Dynamic Perception Framework for Fine-Grained Recognition
Yao Ding,Zhenjun Han,Yanzhao Zhou,Yi Zhu,Jie Chen,Qixiang Ye,Jianbin Jiao
DOI: https://doi.org/10.1109/tcsvt.2021.3069835
IF: 5.859
2022-03-01
IEEE Transactions on Circuits and Systems for Video Technology
Abstract:Fine-grained recognition poses the challenge of discriminating categories with only small subtle visual differences, which can be easily overwhelmed by diverse appearance within categories. Conventional approaches generally locate discriminative parts and then recognize the part-based features. However, we find that tuning the effective receptive field (ERF) of the network to the task plays the key role, which enables significant regions to contribute more to the output. Inspired by the receptive field stimulation mechanism of the visual cortex, we propose a Dynamic Perception framework as a solution.

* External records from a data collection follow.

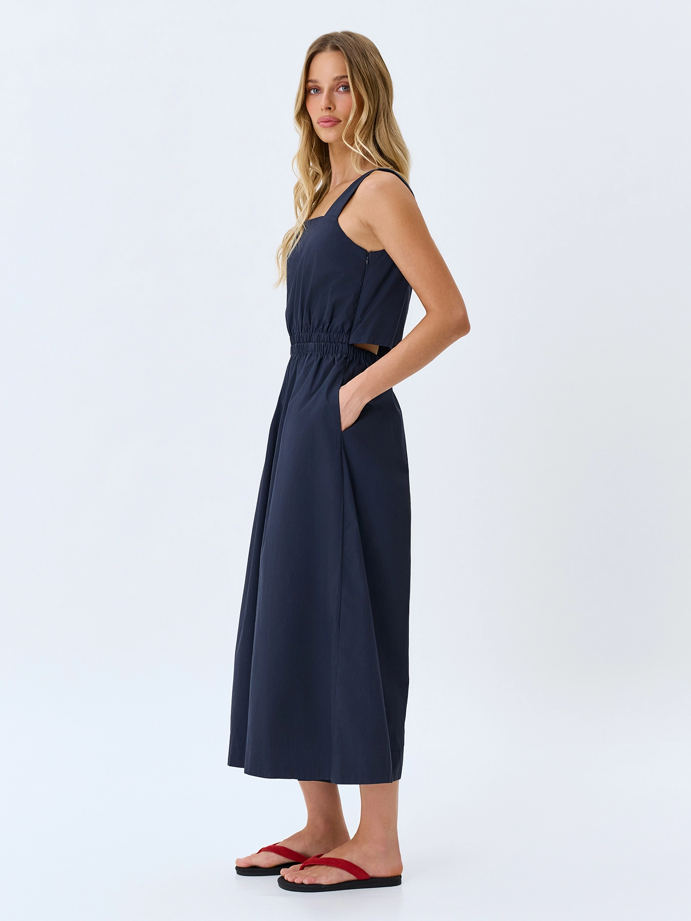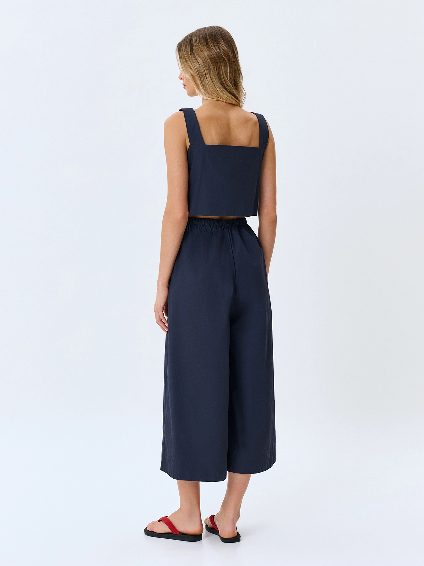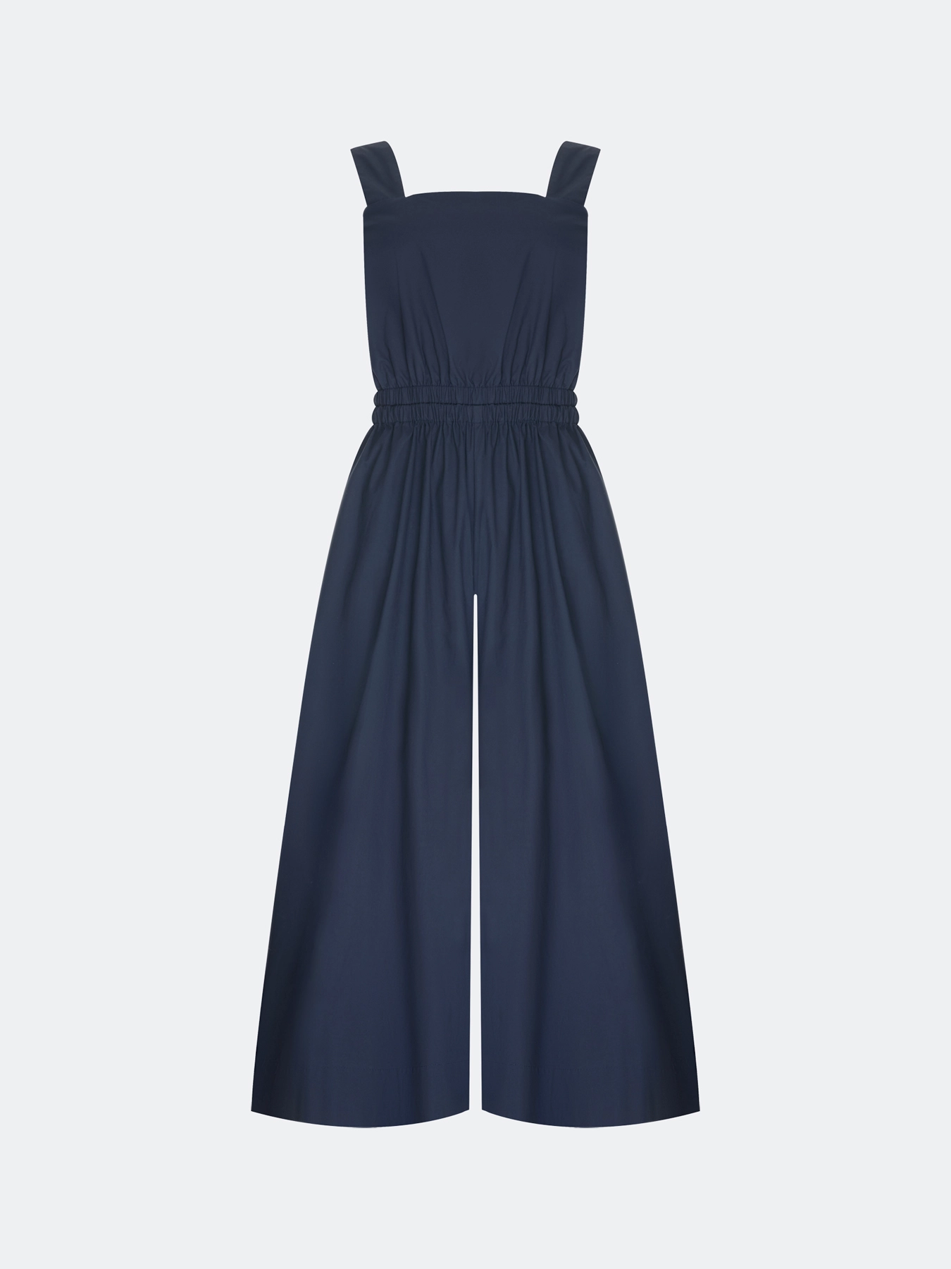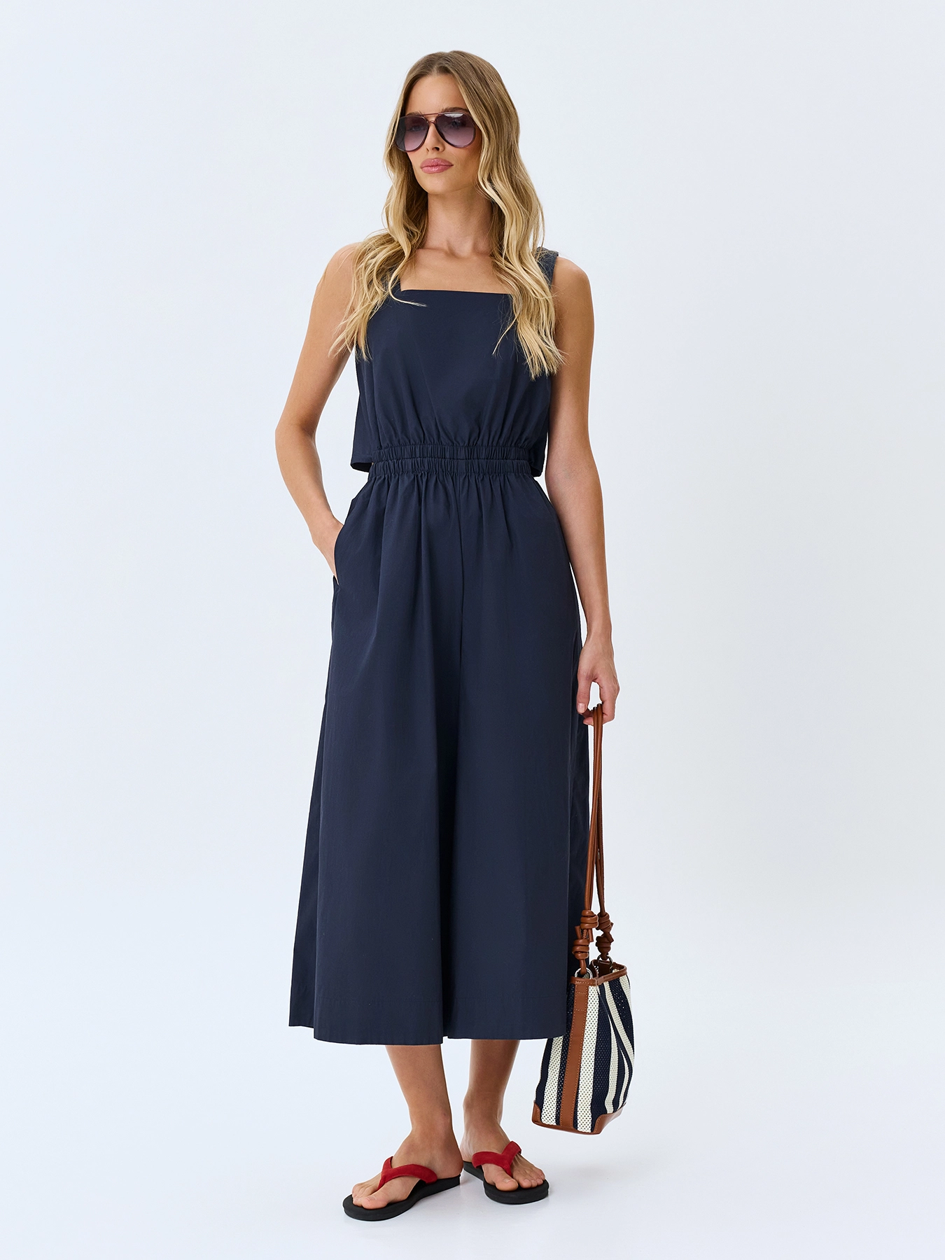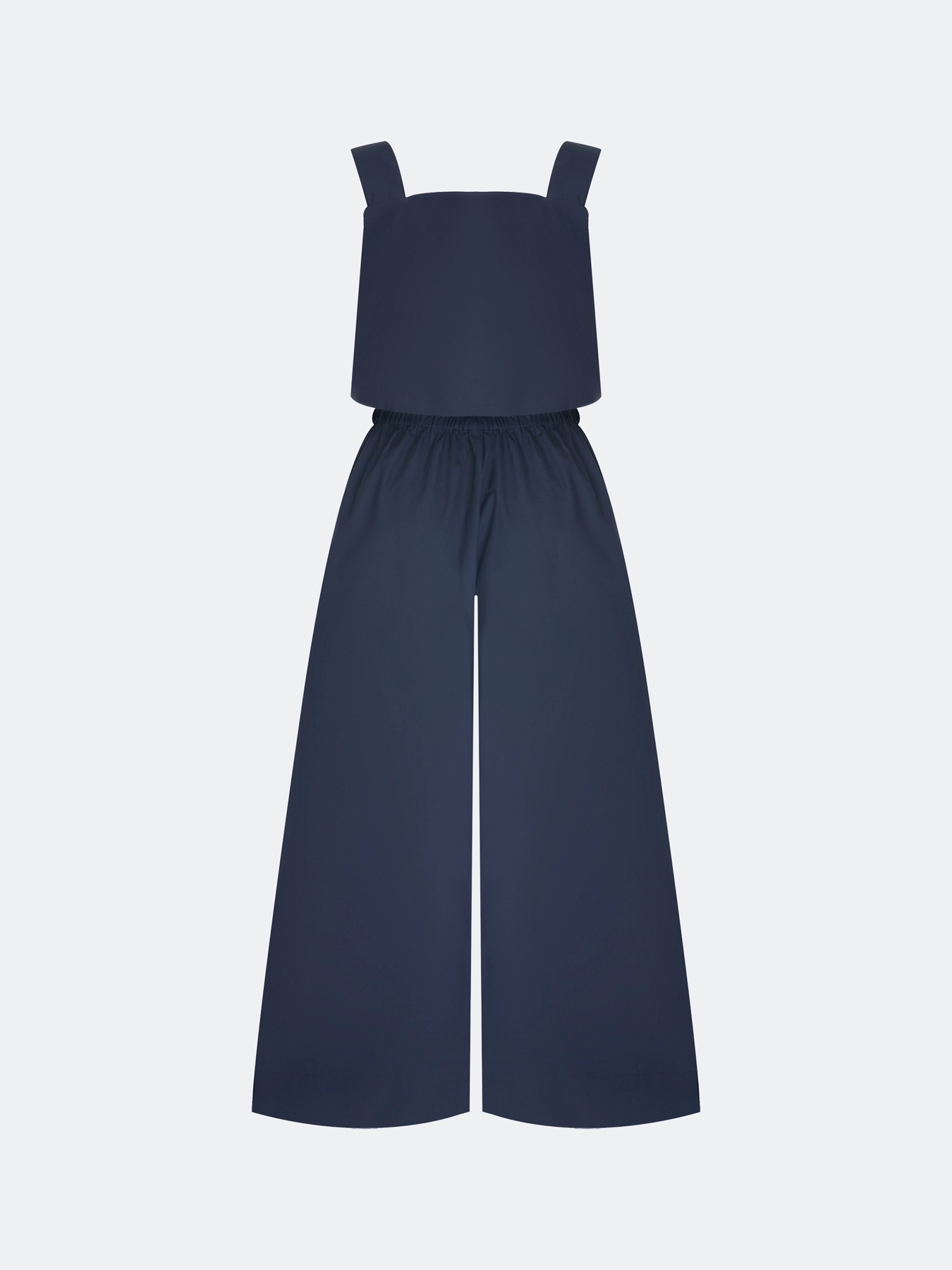 Комбинезон из 100% хлопка. Полуприталенный силуэт. Квадратный вырез с широкими бретелями. Резинка по линии талии. Застежка на потайную молнию. Брюки широкие укороченные палаццо. Боковые карманы в швах. Дополнен акцентным вырезом по спинке.
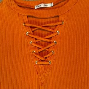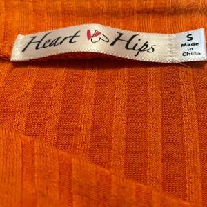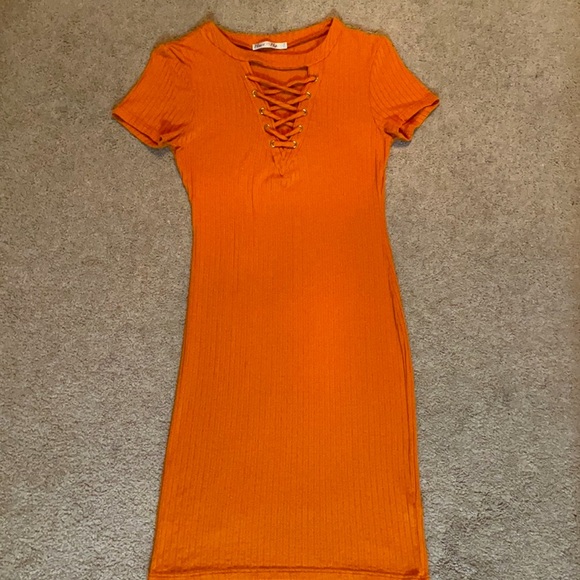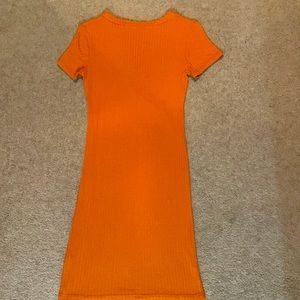 Orange ribbed summer dress. Very lightly worn. Criss cross front design. Silver detailing on brim. Short sleeved. Stretchy and fitted. Very comfortable and breathable material. Perfect for just throwing on for the summer while still being cute and making a staple with the bright color. On 5’5 the length is right above the knee. Such a cute summer dress!
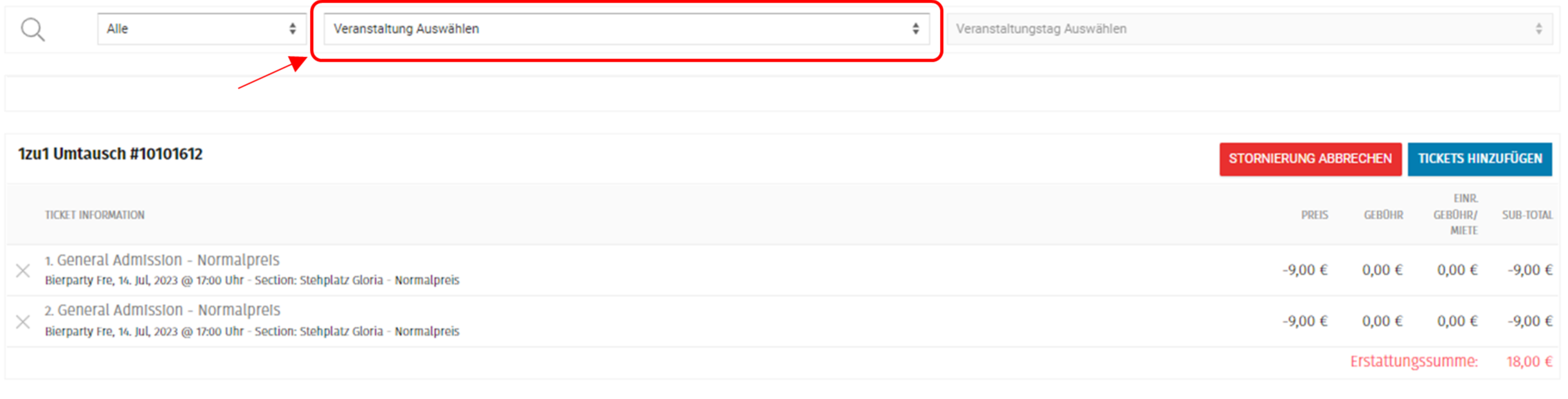 6. Du kannst nun die neue Veranstaltung wählen, auf die der Kunde seine Tickets umbuchen möchte.
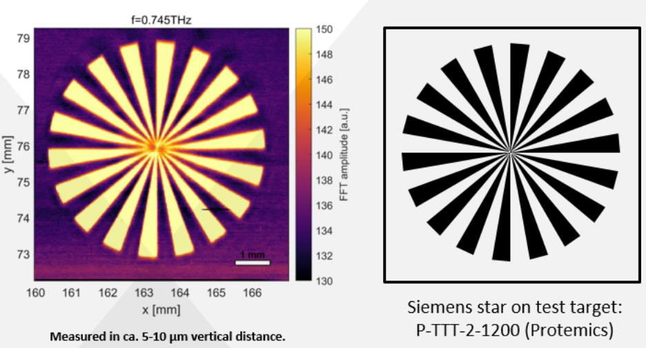 太赫兹测试目标P-TTT-2-1200,铬层厚度为10 nm和50 nm,分别相当于约250欧姆和50欧姆的薄层电阻。
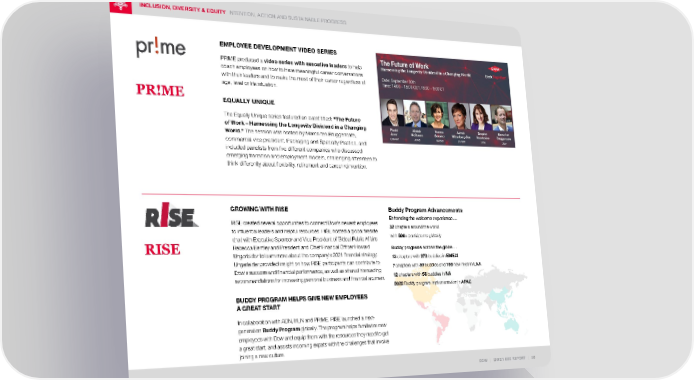 EMPLOYEE DEVELOPMENT VIDEO SERIES PR!ME produced a video series with executive leaders to help coach employees on how to have meaningful career conversations with their leaders and to make the most of their career regardless of age, level or life situation. EQUALLY UNIQUE The Equally Unique series featured an event titled: “The Future of Work – Harnessing the Longevity Dividend in a Changing World.” The session was hosted by Marco ten Bruggencate, commercial vice president, Packaging and Specialty Plastics, and included panelists from five different companies who discussed emerging transition and employment models, challenging attendees to think differently about flexibility, retirement and career reinvention. DOW | 2021 ESG REPORT | 50 INCLUSION, DIVERSITY & EQUITY INTENTION, ACTION AND SUSTAINABLE PROGRESS GROWING WITH RISE RISE created several opportunities to connect Dow’s newest employees to influential leaders and helpful resources. RISE hosted a global fireside chat with Executive Sponsor and Vice President of Global Public Affairs Rebecca Bentley and President and Chief Financial Officer Howard Ungerleider to learn more about the company’s 2021 financial strategy. Ungerleider provided insight on how RISE participants can contribute to Dow’s success and financial performance, as well as shared his reading recommendations for increasing personal business and financial acumen. BUDDY PROGRAM HELPS GIVE NEW EMPLOYEES A GRE AT START In collaboration with ADN, HLN and PR!ME, RISE launched a next- generation Buddy Program globally. The program helps familiarize new employees with Dow and equip them with the resources they need to get a great start, and assists incoming expats with the challenges that involve joining a new culture. Buddy Program Advancements PR!ME RISE Enhancing the welcome experience ... 32 chapters around the world with 500+ participants globally Buddy programs across the globe ... 13 chapters with 272 buddies in EMEAI 7 chapters with 80 buddies and 100 new hires in LAA 12 chapters with 58 buddies in NA 2022 Buddy program implementation in APAC

Our framework adapts the ERF by considering the image space and the kernel space simultaneously. In the image space, the Spatial Selective Sampling module is adopted to enlarge informative regions locally. In the kernel space, Spatial Selective Kernel convolution is introduced to adapt different kernel sizes for regions of interest and backgrounds by embedding spatial attention in the multi-path convolution. Extensive experiments on challenging benchmarks, including CUB-200-2011, FGVC-Aircraft, and Stanford Cars, demonstrate that our method yields a performance boost over the state-of-the-art methods.
engineering, electrical & electronic